The paper also highlights the robustness of MaskFusion's object segmentation, validated by Intersection over Union (IoU) metrics against ground truth annotations. The enhancement achieved by combining Mask-RCNN with geometric segmentation is evident in the improved segmentation results throughout tested sequences.

In terms of theoretical implications, this research underscores the feasibility and advantages of integrating semantic understanding with geometric reconstruction in real-time dynamic SLAM frameworks. Pragmatically, the potential extends to various domains requiring real-time object tracking and scene mapping, including mobile robotics and context-aware augmented reality, where system adaptability to dynamic changes is crucial.

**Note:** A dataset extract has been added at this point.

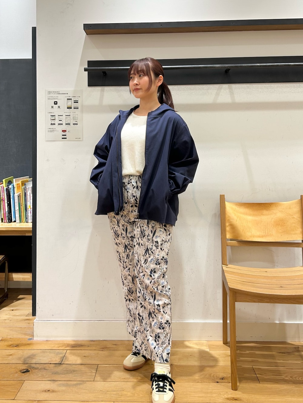 穿くだけで春らしいコーデになる、定番のフラワープリントのパンツ。長めに穿きたい方はMでもOKな丈です◎今年の花柄は淡い色や華奢なラインが特徴的なテキスタイルなので、大人でも花柄をコーデに取り入れやすいフェミニンさが嬉しいです✨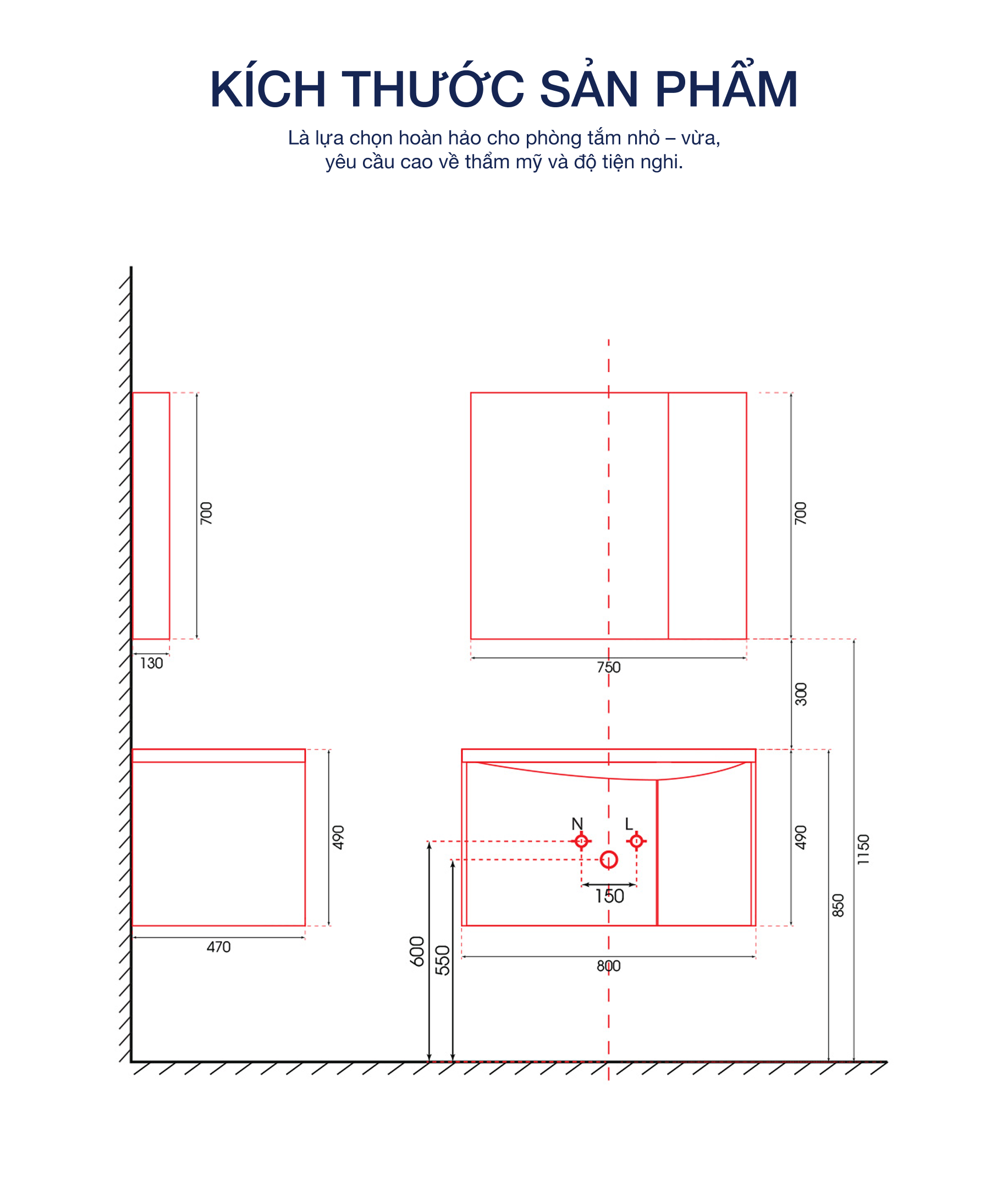 - Kích thước tủ dưới: 800 x 470 x 490 mm

Future work could explore further expansions of MaskFusion's framework, addressing the limitations inherently tied to the semantic segmentation's dependency on specific object classes set by the MS-COCO dataset, and improving the handling of non-rigid objects. Advances could also include incorporating online learning mechanisms to recognize novel objects or classes dynamically encountered in a new environment.

In conclusion, the MaskFusion system proposed in this paper offers an innovative solution in the domain of dynamic SLAM tasks. Its methodology, encompassing real-time semantic segmentation integrated with robust reconstruction and tracking algorithms, positions it as a transformative tool that sets a precedent for future research in adaptable, semantic SLAM systems.